** Task brief **
Your reply should repeat all records verbatim and contain no images.

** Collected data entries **
<<<<

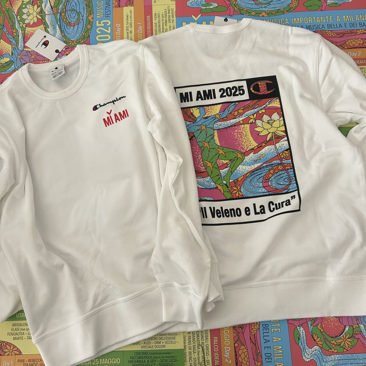 La collezione limitata CHAMPION X MI AMI 2025, con i loghi (davanti) e la grafica realizzata esclusivamente per la collezione “il Veleno e la Cura” (dietro).
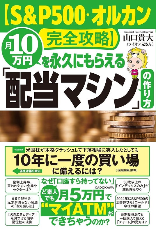2025年6月18日には3冊目の著書として『S&P500・オルカン完全攻略!月10万円を永久にもらえる配当マシンの作り方』を出版。初版部数は2万部。新NISA制度の非課税枠を活用した「月10万円の配当マシン」の作り方のほか、個別株や債券、ゴールド、ビットコインといった多様な投資対象についても網羅し、読者の年代や運用スタイルに応じた資産形成をサポートする内容となっている。
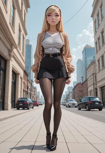 - 1girl,金色长发,直发,刘海侧分,黑色发带,蓝色眼睛,眼下有痣,棕色针织开衫,条纹衬衫,黑色腰带,黑色裙子,连裤袜,黑色高跟鞋,
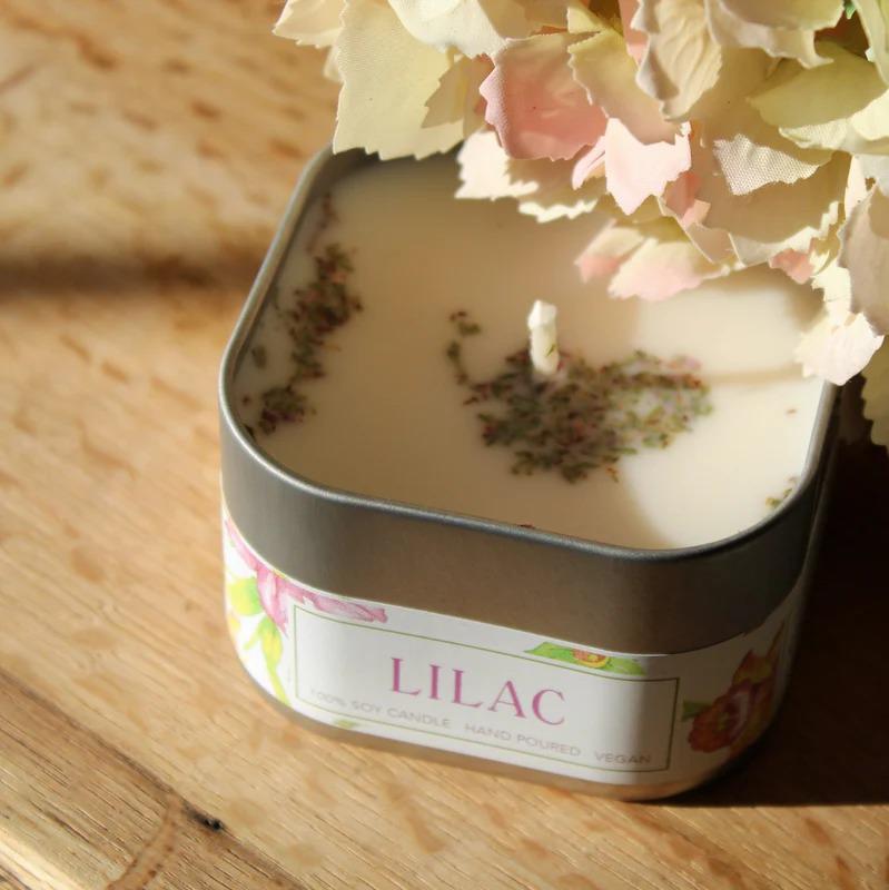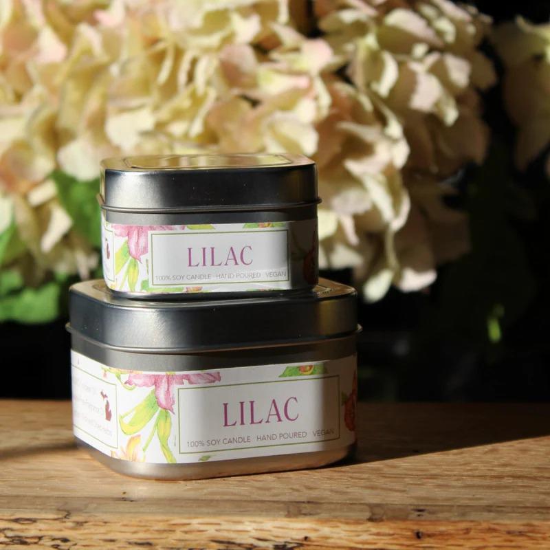 This super scent brings Spring to our minds. It is dead-on to the fragrance of a lilac bush in full bloom on a warm day. It truly is a must if you are looking for a strong sweet fresh floral scent. Dried purple heather added to the wax for a little color. Made in Ferndale, Michigan with 100% American non-GMO soy wax, all cotton wick, essential and/or fine fragrance oils, and dried herbs. 4 oz - 20 hour burn time 8 oz - 40 hour burn time
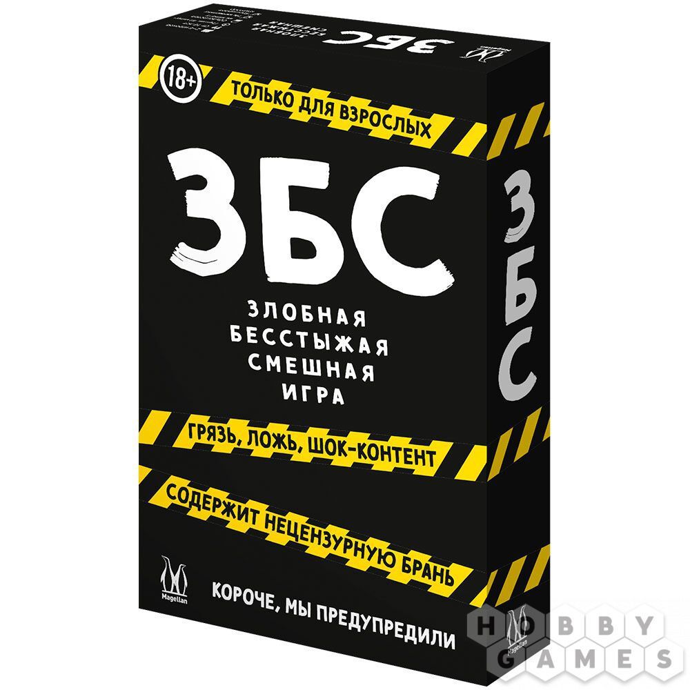 "ЗБС" – это весёлая карточная игра, построенная на блефе, обмане и выдумках. Суть игры проста, как дважды два: на стол в две стопки выкладываются карты, на обеих сторонах которых приведено по 4 факта, связанных общей темой. Каждый игрок берёт одну карту из любой стопки. Факты на карте обозначены своей буквой, где:
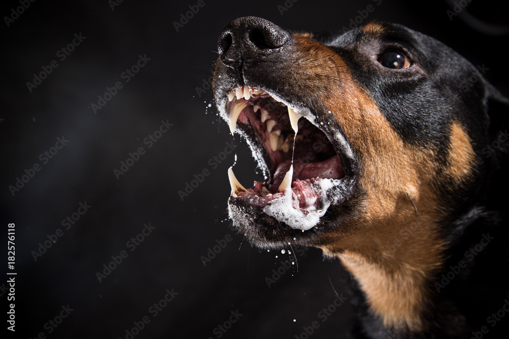 Fototapeta Ferocious Rottweiler barking mad on black background.
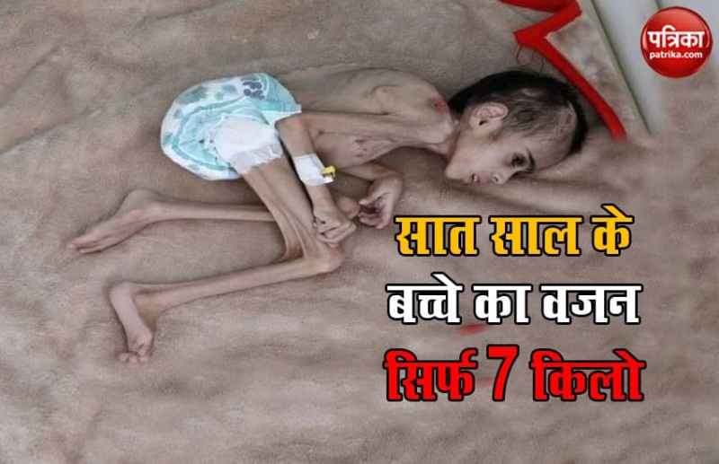 नई दिल्ली: सामान्य तौर पर बच्चों के स्वास्थ्य के लिए पूरा परिवार सतर्क रहता है लेकिन यमन (Yemen) में हालात बेहद बदतर हो गए हैं। सालों से युद्ध की मार झेल रहे यमन वासियों के लिए इतने बुरे दिन आ गए हैं कि लोगों को अपने बच्चों के स्वास्थ्य की रक्षा करना भी भारी पड़ रहा है। यहां एक दशक से गृह युद्ध की विभीषिका झेल रहे यमन वासी अब दिमागी लकवा यानी सेरेब्रल पाल्सी (Cerebral Palsy) जैसी बीमारी की चपेट में आ रहे हैं। बीते दिनों एक 7 साल के बच्चे की तस्वीीर वायरल हो रही है, जिसका वजन महज 7 किलोग्राम रह गया है।

>>>>

** Result for this exercise **
 La collezione limitata CHAMPION X MI AMI 2025, con i loghi (davanti) e la grafica realizzata esclusivamente per la collezione “il Veleno e la Cura” (dietro).
2025年6月18日には3冊目の著書として『S&P500・オルカン完全攻略!月10万円を永久にもらえる配当マシンの作り方』を出版。初版部数は2万部。新NISA制度の非課税枠を活用した「月10万円の配当マシン」の作り方のほか、個別株や債券、ゴールド、ビットコインといった多様な投資対象についても網羅し、読者の年代や運用スタイルに応じた資産形成をサポートする内容となっている。
 - 1girl,金色长发,直发,刘海侧分,黑色发带,蓝色眼睛,眼下有痣,棕色针织开衫,条纹衬衫,黑色腰带,黑色裙子,连裤袜,黑色高跟鞋,
 This super scent brings Spring to our minds. It is dead-on to the fragrance of a lilac bush in full bloom on a warm day. It truly is a must if you are looking for a strong sweet fresh floral scent. Dried purple heather added to the wax for a little color. Made in Ferndale, Michigan with 100% American non-GMO soy wax, all cotton wick, essential and/or fine fragrance oils, and dried herbs. 4 oz - 20 hour burn time 8 oz - 40 hour burn time
 "ЗБС" – это весёлая карточная игра, построенная на блефе, обмане и выдумках. Суть игры проста, как дважды два: на стол в две стопки выкладываются карты, на обеих сторонах которых приведено по 4 факта, связанных общей темой. Каждый игрок берёт одну карту из любой стопки. Факты на карте обозначены своей буквой, где:
 Fototapeta Ferocious Rottweiler barking mad on black background.
 नई दिल्ली: सामान्य तौर पर बच्चों के स्वास्थ्य के लिए पूरा परिवार सतर्क रहता है लेकिन यमन (Yemen) में हालात बेहद बदतर हो गए हैं। सालों से युद्ध की मार झेल रहे यमन वासियों के लिए इतने बुरे दिन आ गए हैं कि लोगों को अपने बच्चों के स्वास्थ्य की रक्षा करना भी भारी पड़ रहा है। यहां एक दशक से गृह युद्ध की विभीषिका झेल रहे यमन वासी अब दिमागी लकवा यानी सेरेब्रल पाल्सी (Cerebral Palsy) जैसी बीमारी की चपेट में आ रहे हैं। बीते दिनों एक 7 साल के बच्चे की तस्वीीर वायरल हो रही है, जिसका वजन महज 7 किलोग्राम रह गया है।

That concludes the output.